__Data extract__:
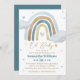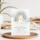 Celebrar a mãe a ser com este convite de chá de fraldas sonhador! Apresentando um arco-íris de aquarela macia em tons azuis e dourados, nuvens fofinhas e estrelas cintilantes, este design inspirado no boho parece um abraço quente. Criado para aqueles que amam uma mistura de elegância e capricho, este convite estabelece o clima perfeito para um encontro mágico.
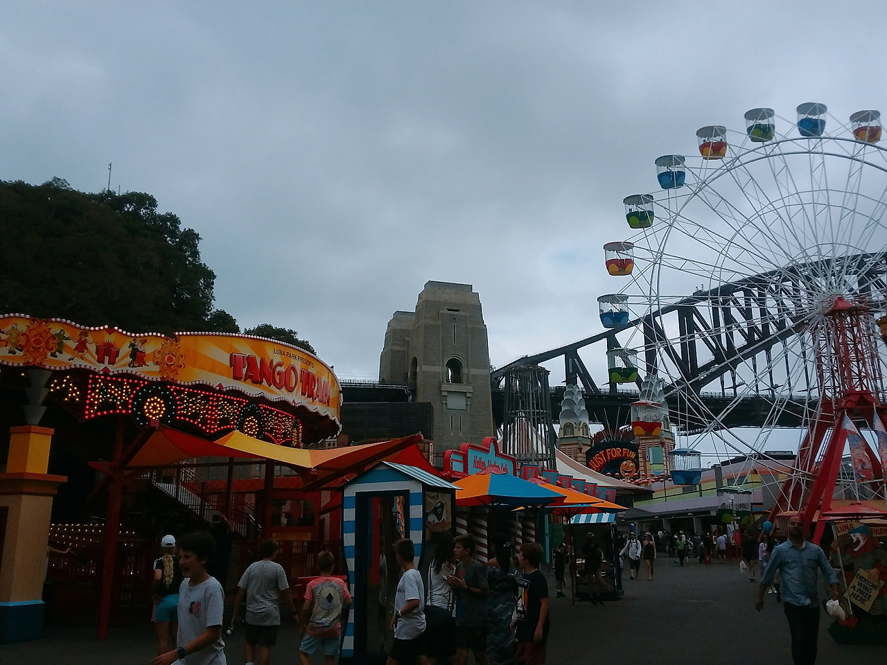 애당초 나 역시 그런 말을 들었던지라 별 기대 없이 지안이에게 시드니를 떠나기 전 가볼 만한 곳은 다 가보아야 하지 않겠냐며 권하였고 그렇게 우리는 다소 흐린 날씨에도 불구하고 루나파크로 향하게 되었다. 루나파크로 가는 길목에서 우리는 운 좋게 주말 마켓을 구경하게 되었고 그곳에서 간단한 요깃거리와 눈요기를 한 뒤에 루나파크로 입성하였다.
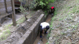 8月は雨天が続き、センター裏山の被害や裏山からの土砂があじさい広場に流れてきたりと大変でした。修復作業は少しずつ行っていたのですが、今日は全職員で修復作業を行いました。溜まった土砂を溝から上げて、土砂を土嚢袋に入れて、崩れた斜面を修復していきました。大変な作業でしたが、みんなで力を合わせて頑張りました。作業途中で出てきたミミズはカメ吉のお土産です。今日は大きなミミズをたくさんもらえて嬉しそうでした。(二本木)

---

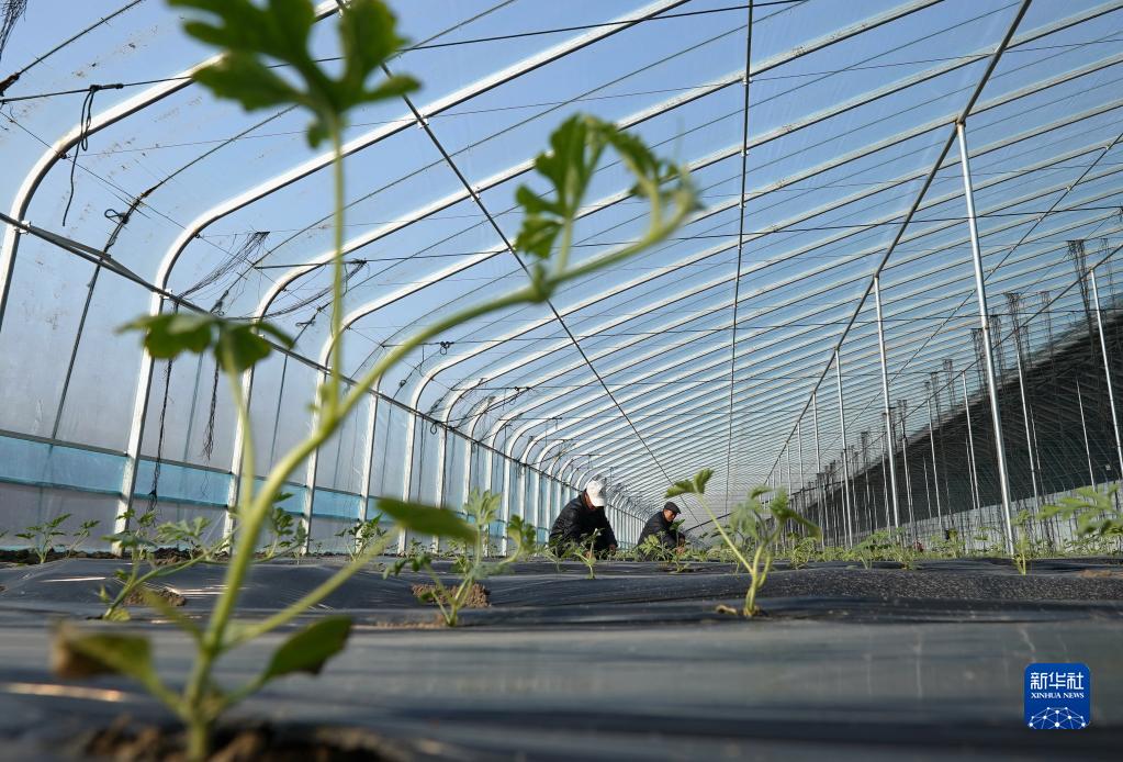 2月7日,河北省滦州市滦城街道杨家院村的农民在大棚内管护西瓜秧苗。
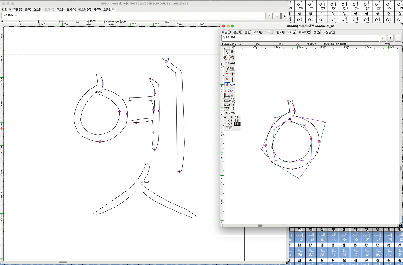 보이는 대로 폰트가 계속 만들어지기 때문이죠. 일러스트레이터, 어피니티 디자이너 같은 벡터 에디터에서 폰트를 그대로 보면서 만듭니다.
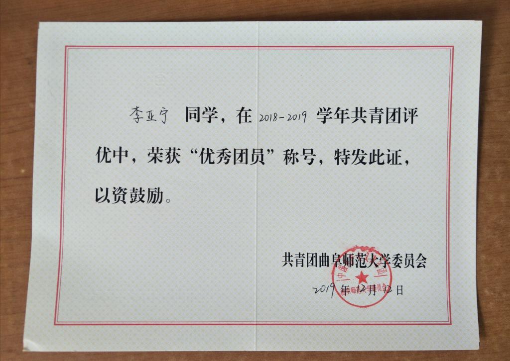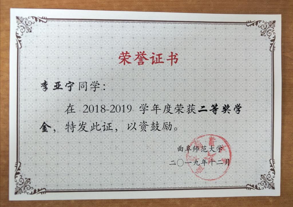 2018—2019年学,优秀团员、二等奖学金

* * *

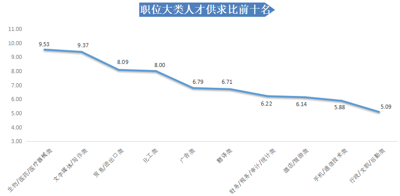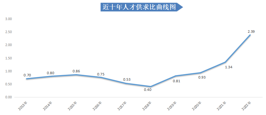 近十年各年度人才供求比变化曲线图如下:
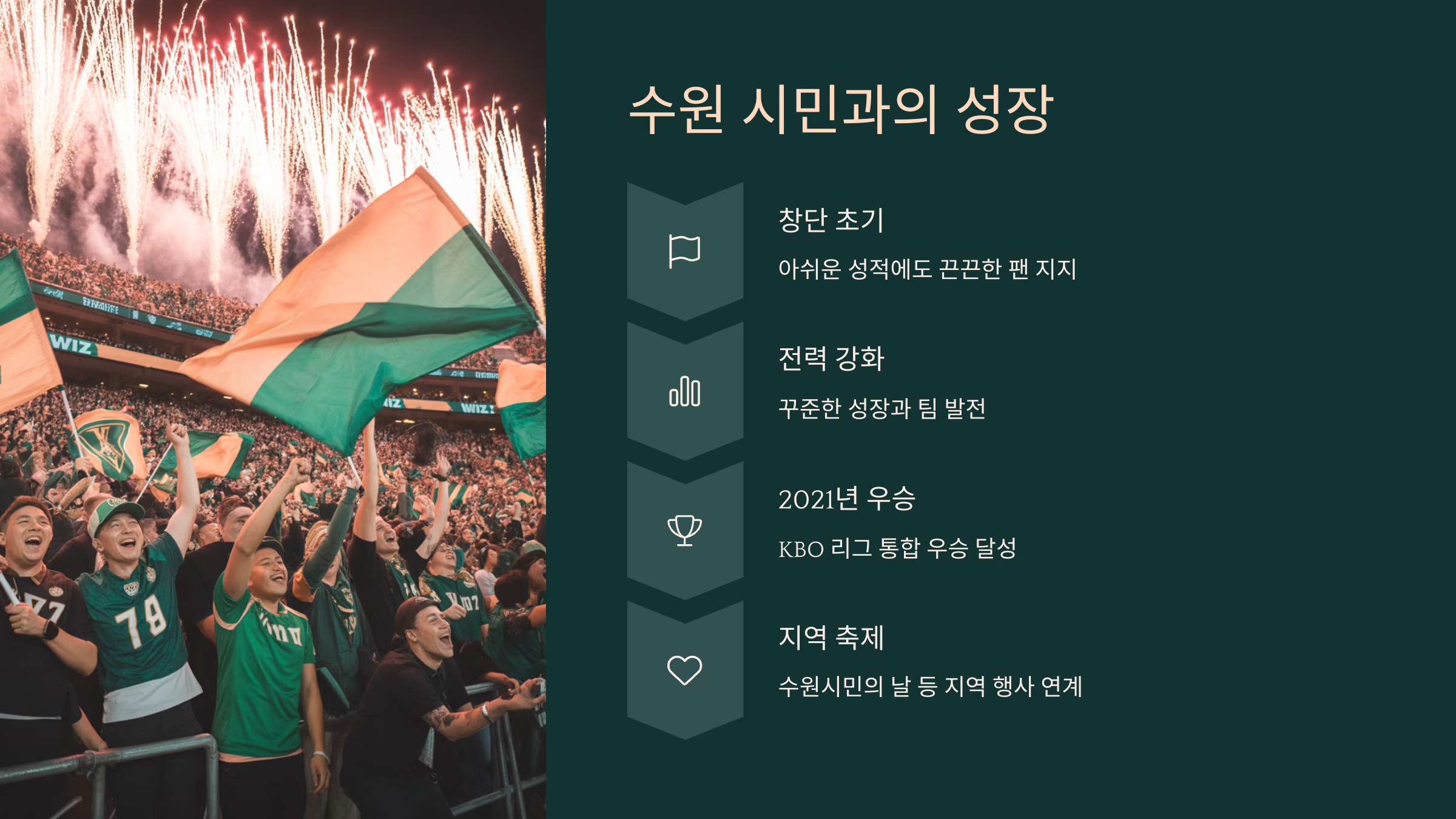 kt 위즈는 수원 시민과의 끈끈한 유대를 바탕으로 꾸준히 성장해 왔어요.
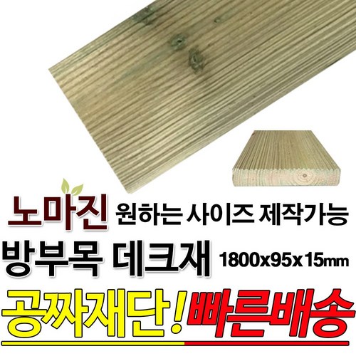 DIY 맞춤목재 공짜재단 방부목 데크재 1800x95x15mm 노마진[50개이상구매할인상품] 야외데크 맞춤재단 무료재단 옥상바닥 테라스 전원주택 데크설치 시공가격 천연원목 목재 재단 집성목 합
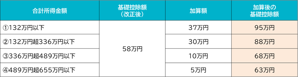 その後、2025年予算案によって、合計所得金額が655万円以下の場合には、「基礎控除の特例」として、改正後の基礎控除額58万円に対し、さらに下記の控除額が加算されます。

__Activity__: Drop the pictures; return the lines above from the line containing "Celebrar a mãe" to the line containing "8月は雨天が続き、センター裏", both included, exactly.

__Result of the exercise__:
 Celebrar a mãe a ser com este convite de chá de fraldas sonhador! Apresentando um arco-íris de aquarela macia em tons azuis e dourados, nuvens fofinhas e estrelas cintilantes, este design inspirado no boho parece um abraço quente. Criado para aqueles que amam uma mistura de elegância e capricho, este convite estabelece o clima perfeito para um encontro mágico.
 애당초 나 역시 그런 말을 들었던지라 별 기대 없이 지안이에게 시드니를 떠나기 전 가볼 만한 곳은 다 가보아야 하지 않겠냐며 권하였고 그렇게 우리는 다소 흐린 날씨에도 불구하고 루나파크로 향하게 되었다. 루나파크로 가는 길목에서 우리는 운 좋게 주말 마켓을 구경하게 되었고 그곳에서 간단한 요깃거리와 눈요기를 한 뒤에 루나파크로 입성하였다.
 8月は雨天が続き、センター裏山の被害や裏山からの土砂があじさい広場に流れてきたりと大変でした。修復作業は少しずつ行っていたのですが、今日は全職員で修復作業を行いました。溜まった土砂を溝から上げて、土砂を土嚢袋に入れて、崩れた斜面を修復していきました。大変な作業でしたが、みんなで力を合わせて頑張りました。作業途中で出てきたミミズはカメ吉のお土産です。今日は大きなミミズをたくさんもらえて嬉しそうでした。(二本木)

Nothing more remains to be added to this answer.